[Start of section]

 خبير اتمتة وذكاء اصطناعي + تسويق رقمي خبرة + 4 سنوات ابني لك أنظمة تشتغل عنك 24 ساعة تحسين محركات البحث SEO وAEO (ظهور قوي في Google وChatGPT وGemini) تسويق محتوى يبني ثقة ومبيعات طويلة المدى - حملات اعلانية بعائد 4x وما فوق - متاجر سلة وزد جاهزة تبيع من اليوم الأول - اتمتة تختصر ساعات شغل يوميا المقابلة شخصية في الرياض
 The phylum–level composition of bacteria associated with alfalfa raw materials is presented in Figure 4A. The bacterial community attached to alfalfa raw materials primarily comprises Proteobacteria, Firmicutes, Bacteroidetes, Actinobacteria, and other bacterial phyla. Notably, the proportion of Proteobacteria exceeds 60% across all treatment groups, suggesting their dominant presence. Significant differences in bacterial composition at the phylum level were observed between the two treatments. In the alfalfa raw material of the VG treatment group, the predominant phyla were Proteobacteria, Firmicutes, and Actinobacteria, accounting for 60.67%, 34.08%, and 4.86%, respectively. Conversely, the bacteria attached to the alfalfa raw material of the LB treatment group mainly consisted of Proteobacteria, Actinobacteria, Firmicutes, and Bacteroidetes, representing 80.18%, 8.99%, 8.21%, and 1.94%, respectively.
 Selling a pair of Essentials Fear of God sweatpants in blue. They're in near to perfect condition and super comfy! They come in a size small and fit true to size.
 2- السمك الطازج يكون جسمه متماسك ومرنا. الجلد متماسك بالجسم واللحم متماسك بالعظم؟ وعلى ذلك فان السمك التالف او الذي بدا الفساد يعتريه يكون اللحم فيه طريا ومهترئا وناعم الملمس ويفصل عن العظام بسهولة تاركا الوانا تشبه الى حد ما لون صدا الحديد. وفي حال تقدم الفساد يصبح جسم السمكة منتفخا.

[End of section]
[Start of section]

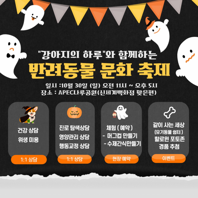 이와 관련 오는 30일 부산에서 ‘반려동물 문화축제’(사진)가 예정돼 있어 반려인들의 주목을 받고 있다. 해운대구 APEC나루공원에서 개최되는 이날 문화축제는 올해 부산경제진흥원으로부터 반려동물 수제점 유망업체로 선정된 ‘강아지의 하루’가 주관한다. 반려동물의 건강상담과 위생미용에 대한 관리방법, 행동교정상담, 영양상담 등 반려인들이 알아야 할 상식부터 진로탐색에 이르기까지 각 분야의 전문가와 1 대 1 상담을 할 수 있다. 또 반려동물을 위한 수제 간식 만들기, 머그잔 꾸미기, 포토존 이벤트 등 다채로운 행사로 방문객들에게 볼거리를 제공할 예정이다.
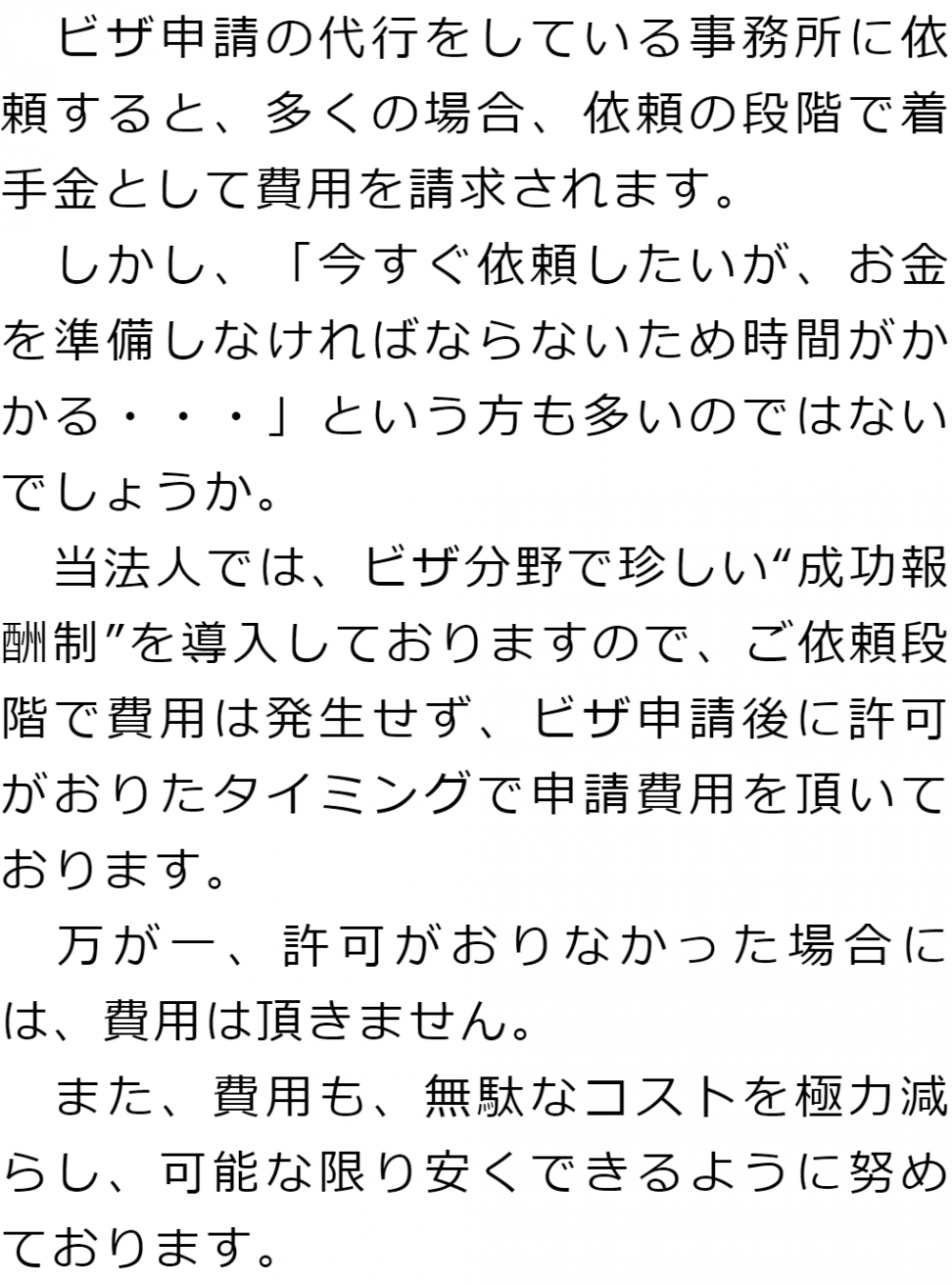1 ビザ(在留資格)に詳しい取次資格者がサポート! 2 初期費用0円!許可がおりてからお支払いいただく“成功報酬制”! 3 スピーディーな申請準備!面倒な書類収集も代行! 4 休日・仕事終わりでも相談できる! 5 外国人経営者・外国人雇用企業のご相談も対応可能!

[End of section]
[Start of section]

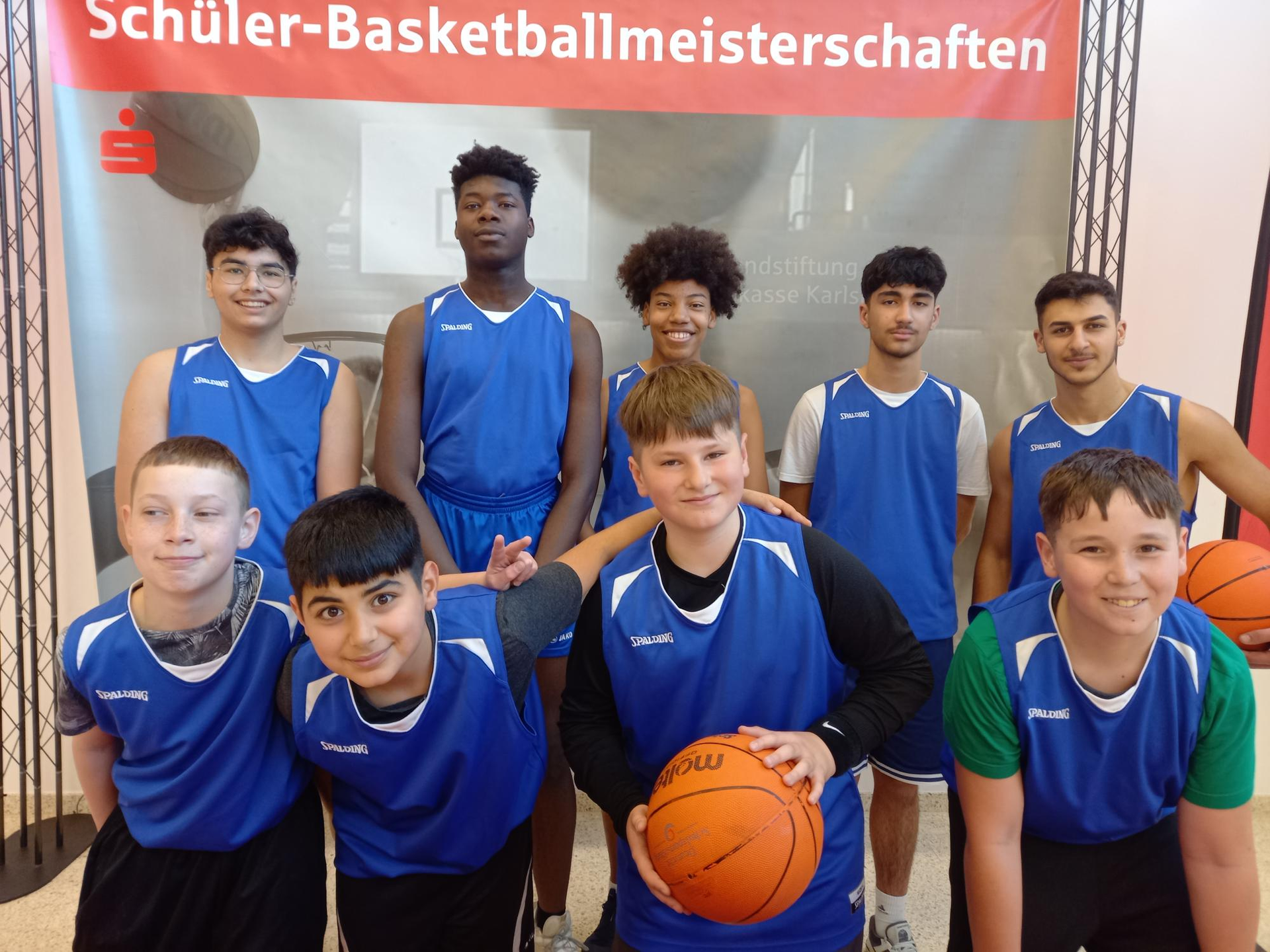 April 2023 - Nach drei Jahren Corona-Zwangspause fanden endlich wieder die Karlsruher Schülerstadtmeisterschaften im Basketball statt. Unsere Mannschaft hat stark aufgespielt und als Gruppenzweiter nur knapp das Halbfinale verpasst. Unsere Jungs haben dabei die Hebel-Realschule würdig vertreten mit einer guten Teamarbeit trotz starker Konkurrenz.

[End of section]

PROBLEM STATEMENT: With the pictures omitted, copy the entries above exactly from the line containing "이와 관련 오는 30일" through the line containing "1 ビザ(在留資格)に詳しい取次資格者がサポート! 2", both lines included.

TASK RESPONSE:
 이와 관련 오는 30일 부산에서 ‘반려동물 문화축제’(사진)가 예정돼 있어 반려인들의 주목을 받고 있다. 해운대구 APEC나루공원에서 개최되는 이날 문화축제는 올해 부산경제진흥원으로부터 반려동물 수제점 유망업체로 선정된 ‘강아지의 하루’가 주관한다. 반려동물의 건강상담과 위생미용에 대한 관리방법, 행동교정상담, 영양상담 등 반려인들이 알아야 할 상식부터 진로탐색에 이르기까지 각 분야의 전문가와 1 대 1 상담을 할 수 있다. 또 반려동물을 위한 수제 간식 만들기, 머그잔 꾸미기, 포토존 이벤트 등 다채로운 행사로 방문객들에게 볼거리를 제공할 예정이다.
1 ビザ(在留資格)に詳しい取次資格者がサポート! 2 初期費用0円!許可がおりてからお支払いいただく“成功報酬制”! 3 スピーディーな申請準備!面倒な書類収集も代行! 4 休日・仕事終わりでも相談できる! 5 外国人経営者・外国人雇用企業のご相談も対応可能!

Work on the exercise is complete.